“Vivemos num mundo onde não fazemos o que queremos fazer, mas sim o que a convenção humana convencionou. Somos obrigados a fazer o que o Estado manda. Vivemos num mundo onde, se não temos nada somos marginalizados, somos olhados com olhares desprezantes, somos olhados de soslaio. Vivemos num mundo que, se temos algo, sobretudo monetário, somos babados, bajulados, estereotipados e, mormente, idolatrados” ANDERSON COSTA

quarta-feira, 6 de março de 2013

UM BRASIL NEOLIBERAL, O PRIVADO OU O COLETIVO?



                                                                 Anderson Costa 
Para os neoliberais, “o lucro é Deus”, não o bem público. O capitalismo não é, essencialmente, bondoso. Os plurocratas não são, essencialmente, filantrópicos, mesmo que alguns indivíduos possam sê-lo. No capitalismo, o motor das políticas é a demanda insaciável pelo lucro, não a riqueza, o bem público social ou comum. (HILL. D., p.26)

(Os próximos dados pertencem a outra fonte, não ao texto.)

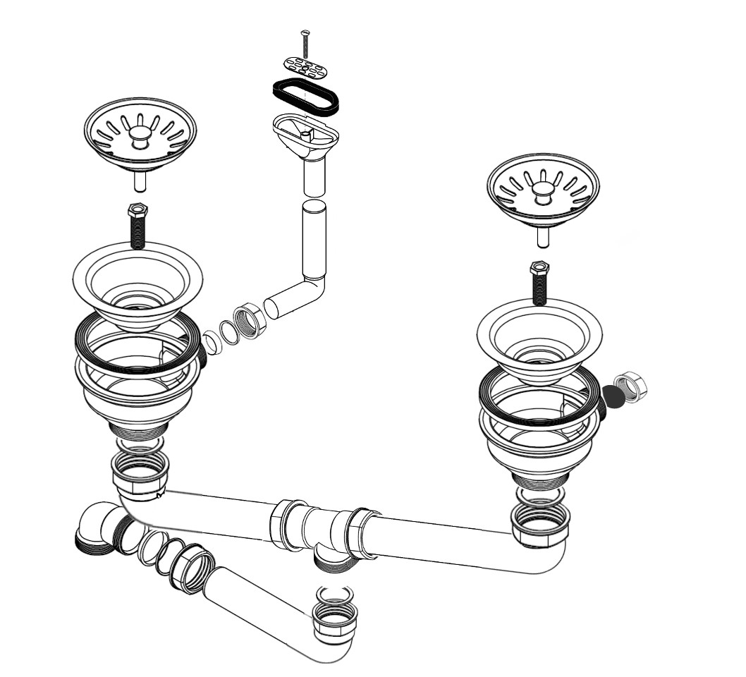 HPS-Ablaufverbindung 1½“ für Doppelspülen mit zentrischem Abgang, Höhenausgleichsstück und 1GA für Doppelspülen mit gleich tiefen Becken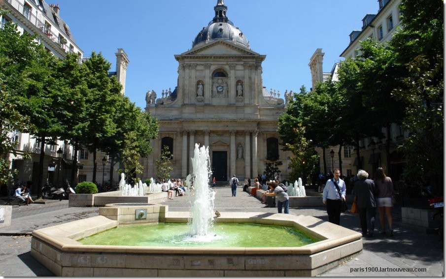 Sous le Panthéon et la rue Soufflot, le forum gallo-romain rappelle la naissance de la ville, même si nous n’en voyons pas les traces. Nous passons devant La Sorbonne, premier collège de France qui se soucie d’abriter et de nourrir les jeunes étudiants désargentés,une vingtaine au début du 13e siècle. Elle devient une très grande université jusqu’à aujourd’hui.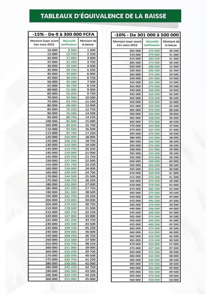 Le gouvernement a mis en place une Commission de régulation pour éviter que ce décret ne subisse le même sort que la loi de 2014 portant baisse des prix du loyer. Momar Ndiaye a été nommé, ce mercredi en Conseil des ministres pour diriger cette commission. Voici le tableau d'équivalence de la baisse.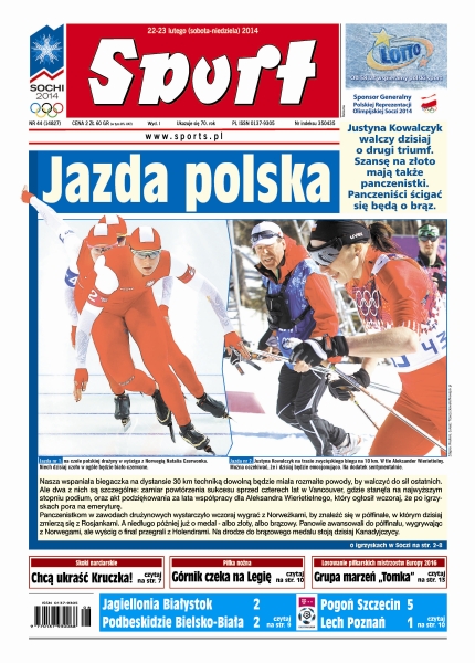 Justyna Kowalczyk walczy dzisiaj o drugi triumf; szansę na złoto mają także panczenistki. Panczeniści ścigać się będą o brąz; Karolina Riemen-Żerebecka zajęła 15. miejsce, poprawiając o jedną lokatę wynik z Vancouver; polski trener skoczków wszedł do grona tych, którzy mają najwięcej ofert pracy, chcą go m.in. w Kazachstanie i Rosji; hokej na lodzie – w wielkim finale spotkają się złoci medaliści dwóch poprzednich olimpiad: Kanada oraz Szwecja.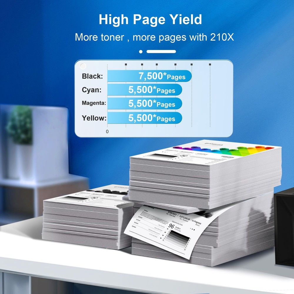 210X Toner Cartridges 4 Pack: Replacement for HP 210A Toner Cartridges - for HP 210X Work with HP Color Laserjet Pro MFP 4301fdw 4301fdn 4201dw 4201dn 4301 Series Printer | 210X W2100X ; With Smart Chips: 210X toner cartridge replacement for hp 210x toner cartridges hp 210x is equipped with smart chips. No need to transfer OEM chips from hp 210a or hp 210x and ensure great compatibilty for HP 210A Toner Cartridges ; Compatible with Printer: for hp color laser jet pro mfp 4301fdw, MFP 4301dw, MFP 4301fdn, Color Pro MFP 4201dw 4201dn series printer. Replacement for hp color laserjet pro mfp 4301fdw toner cartridges ; High Page Yield: Up to 7,500 pages per 210X W2100X Black toner. Up to 5,500 pages per 210X Color toner, based on 5% coverage, Letter/A4, high yield Version replacement for hp 210a toner cartridges ; Package Contents: 210x toner cartridges 4 pack including 1 X 210A Black, 1 X 210X Cyan, 1 X 210X Magenta, 1 X 210X Yellow and 1 X User Guide ; Excellent Performance: 210X toner replacement for hp 210a toner cartridges hp 210x deliver superior printing results with vivid colors and clear prints. Save time by avoiding common printing problems such as streaks, smudges, and leaking With Smart Chips: 210X toner cartridge replacement for hp 210x toner cartridges hp 210x is equipped with smart chips. No need to transfer OEM chips from hp 210a or hp 210x and ensure great compatibilty for HP 210A Toner Cartridges Compatible with Printer: for hp color laser jet pro mfp 4301fdw, MFP 4301dw, MFP 4301fdn, Color Pro MFP 4201dw 4201dn series printer. Replacement for hp color laserjet pro mfp 4301fdw toner cartridges High Page Yield: Up to 7,500 pages per 210X W2100X Black toner. Up to 5,500 pages per 210X Color toner, based on 5% coverage, Letter/A4, high yield Version replacement for hp 210a toner cartridges Package Contents: 210x toner cartridges 4 pack including 1 X 210A Black, 1 X 210X Cyan, 1 X 210X Magenta, 1 X 210X Yellow and 1 X User Guide Excellent Performance: 210X toner replacement for hp 210a toner cartridges hp 210x deliver superior printing results with vivid colors and clear prints. Save time by avoiding common printing problems such as streaks, smudges, and leaking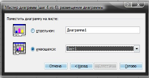 Кнопки < Назад и Далее > предназначены для передвижения внутри Мастера диаграмм по шагам. На первом шаге кнопка < Назад недоступна, так как движение еще на один шаг назад невозможно. На последнем шаге кнопка Далее > недоступна, так как четвертый шаг последний и продвижение вперед невозможно. Непонятно, зачем эти кнопки вообще там присутствуют, так как убрать их программным путем очень просто.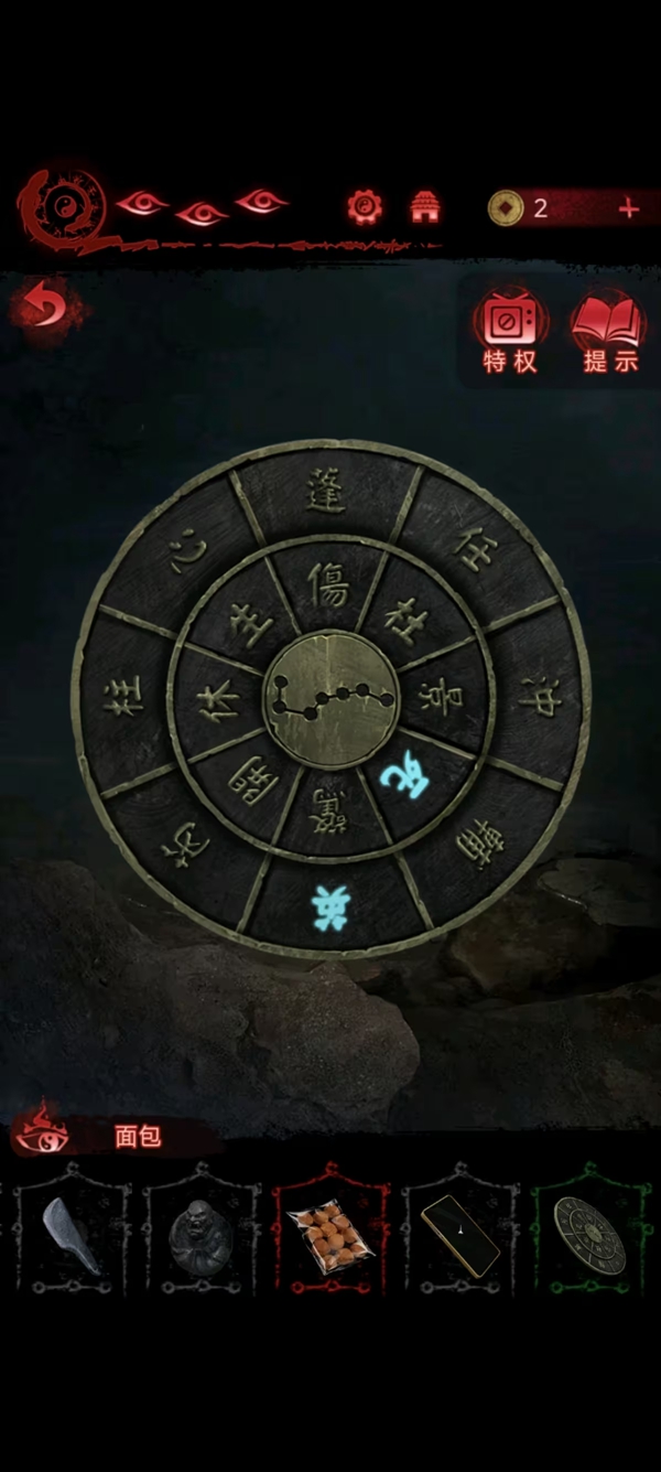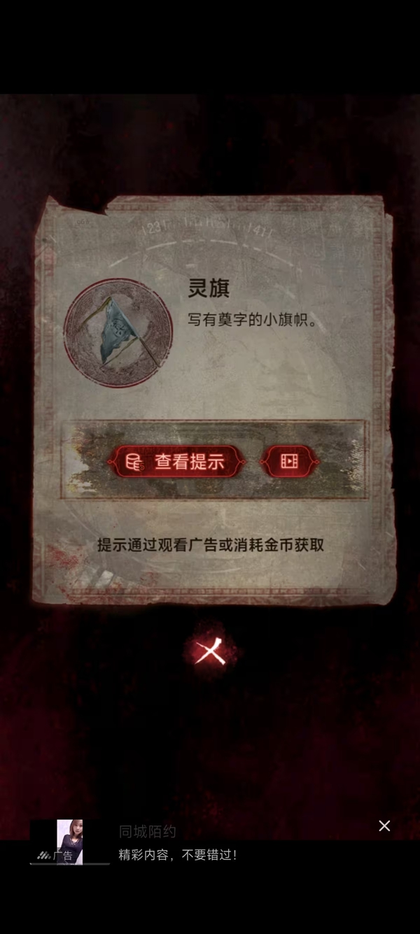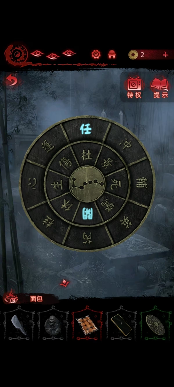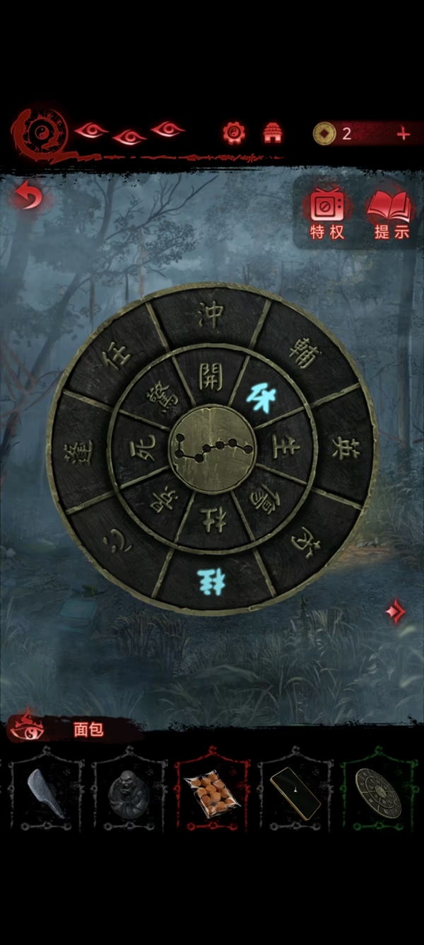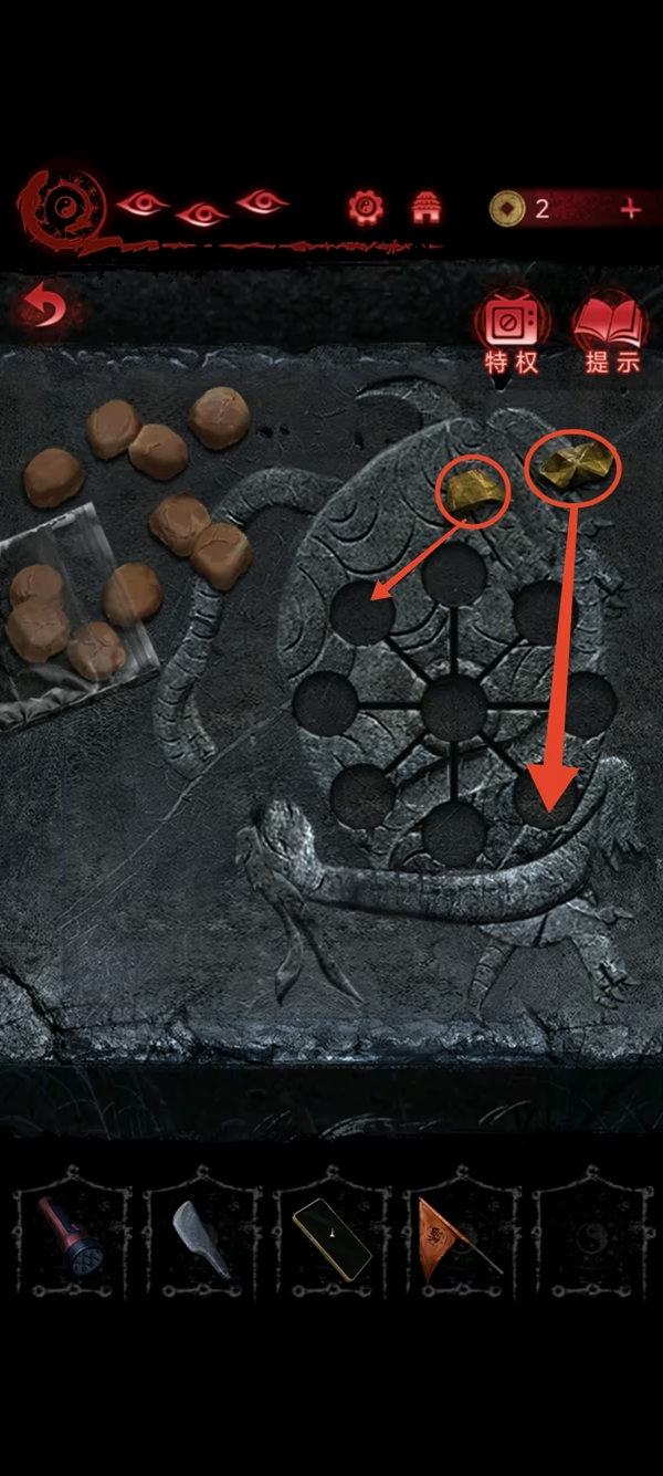8、进房间,不倒翁放玩具中间后解除空气墙,拾取中间的旗子和元宝。去墓地,先看线索后拿出面包和元宝放桌上,元宝摆放位置如线索所示摆放后解锁地图。

Para falar em neoliberalismo, primeiramente e, de antemão, deve-se falar em Estado, objeto pertinente e do interesse de muitos estudiosos de outrora, como Hobbes, em Leviatã, e John Locke, no Segundo tratado sobre o governo, onde expõem e explicitam as respectivas nuanças teóricas que balizam o Estado, por exemplo. Porém, é bom lembrar que, até hoje, o Estado continua sendo estudado e exposto teoricamente por muitos contemporâneos focados na elucidação desse fenômeno que se originara a partir do contratualismo engendrado por aqueles que buscavam proteção não só contra a “lei” do Estado de Natureza, mas a de suas respectivas propriedades contra rapinadores, vigentes em demasia quando da época em que vigorava o estado de natureza.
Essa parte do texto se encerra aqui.